Dengan mempertimbangkan beberapa dalil yang berlaku dalam hukum Islam, MUI membuat beberapa ketentuan hukum pengurusan jenazah yang terpapar Covid-19. Misalnya, memandikan dan mengkafani harus dilakukan sesuai protokol medis dan dilakukan orang yang berwenang serta tetap memperhatikan syarat. Sedangkan untuk menshalatkan dan menguburkan tetap dilakukan seperti biasa dengan menjaga agar yang mengubur dan menshalatkan tidak terpapar virus.
Fatwa MUI memuat pedoman memandikan jenazah yang terpapar Covid. Jenazah dimandikan tanpa dibuka pakaiannya; petugas wajib berjenis kelamin yang sama dengan jenazah; jika tidak ada yang sejenis, maka dimandikan oleh petugas yang ada dengan syarat jenazah dimandikan tetap dengan pakaian, atau ditayammumkan; petugas membersihkan najis (jika ada) sebelum memandikan. Selanjutnya, petugas mengucurkan air secara merata ke seluruh tubuh jenazah. Jika menurut keterangan ahli yang terpercaya jenazah tidak mungkin dimandikan, maka alternatifnya adalah tayammum. Jika dua-duanya tidak mungkin menurut ahli terpercaya, maka berlaku ketentuan darurat syar’iyah: tidak perlu dimandikan dan ditayammumkan.

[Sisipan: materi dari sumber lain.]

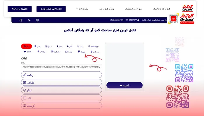 3. استفاده از ابزارحرفهای ساخت کیو آر داینامیک کیو آر لند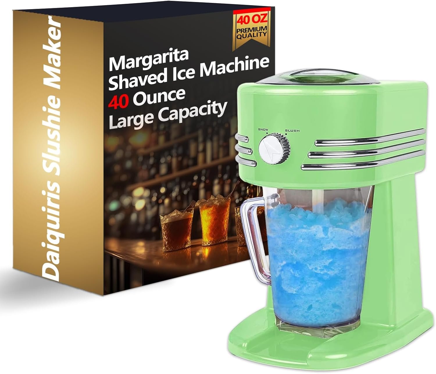 Ideal Ice: Our frozen drink machine is equipped with a powerful motor and stainless steel blades to shave perfectly smooth ice cubes as well as snowy ice for margaritas, daiquiris, slushies, and any other iced beverage.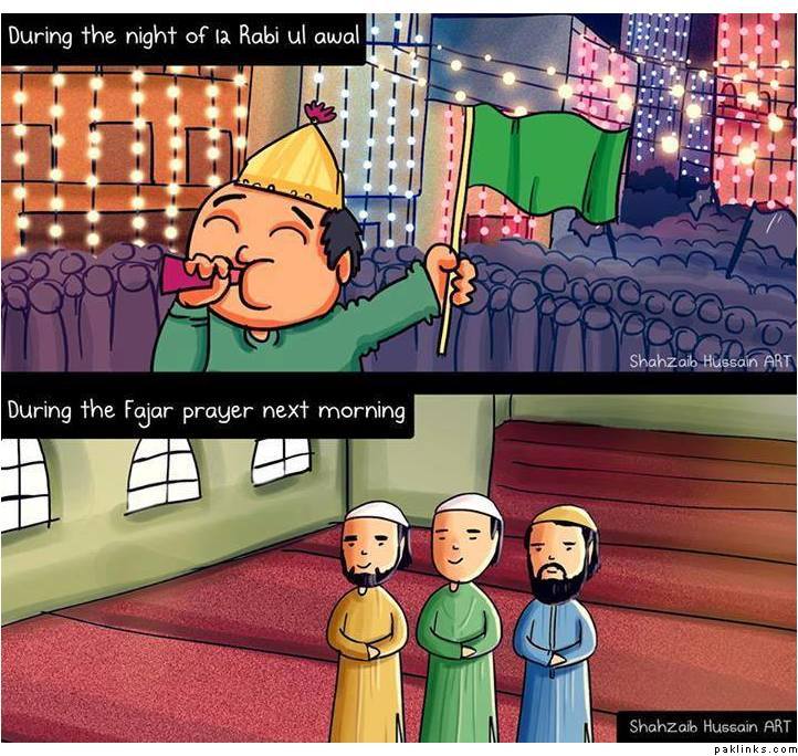 I’m in no position to call it bid ah but what probably started of as small has turned into pure Israaf. The painfully loud naats, the green everywhere, the “logo”, goodness all that electricity wasted on lighting, the huge rallies etc etc… It all feels so removed from the Essence of Islam.
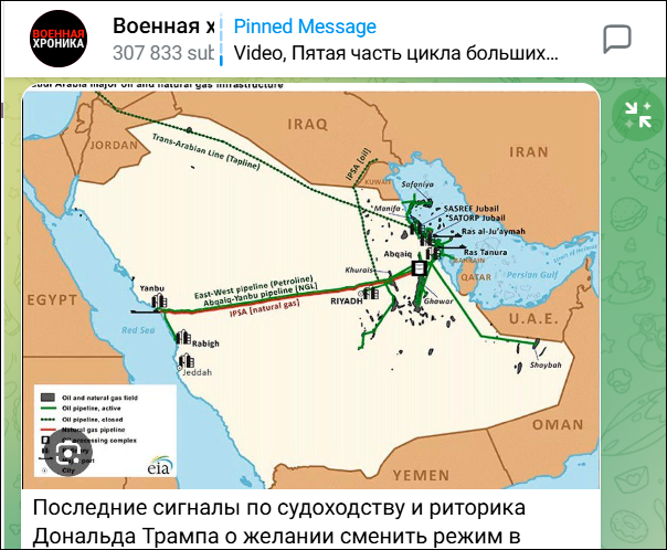 Восточно-Западный трубопровод (EWP) длиной в 1200 км позволяет саудитам качать нефть к экспортным терминалам Янбу на побережье Красного моря. Скриншот: ТГ-канал "Военная Хроника"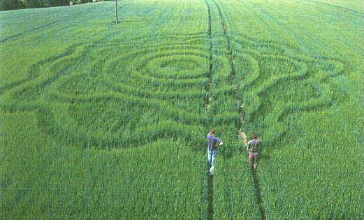 Visible from the minor road on your left just as you have left Goodworth Clatford and going towards Upper Clatford. It has a central circle followed by two concentric rings. There are then 3 more rings of uneven thickness that show a wavy pattern that is difficult to describe. I think it is a pentagonal design. I am sure someone will fly over it and take a photograph of it. The whole formation is about 80ft in diameter. The part of the formation I found most impressive is the heart A shaped signature 28 or grapeshot 29 just below it. I have never seen this before.

Kemudian, jenazah dikafani menggunakan kain yang menutup seluruh tubuh dan dimasukkan ke dalam kantong jenazah yang aman dan tidak tembus air untuk mencegah penyebaran virus dan menjaga keselamatan petugas. Setelah pengafanan selesai, jenazah dimasukkan ke dalam peti jenazah yang tidak tembus air dan udara dengan dimiringkan ke kanan sehingga saat dikuburkan jenazah menghadap ke arah kiblat. Jika setelah dikafani masih ditemukan najis pada jenazah, maka petugas dapat mengabaikan najis tersebut.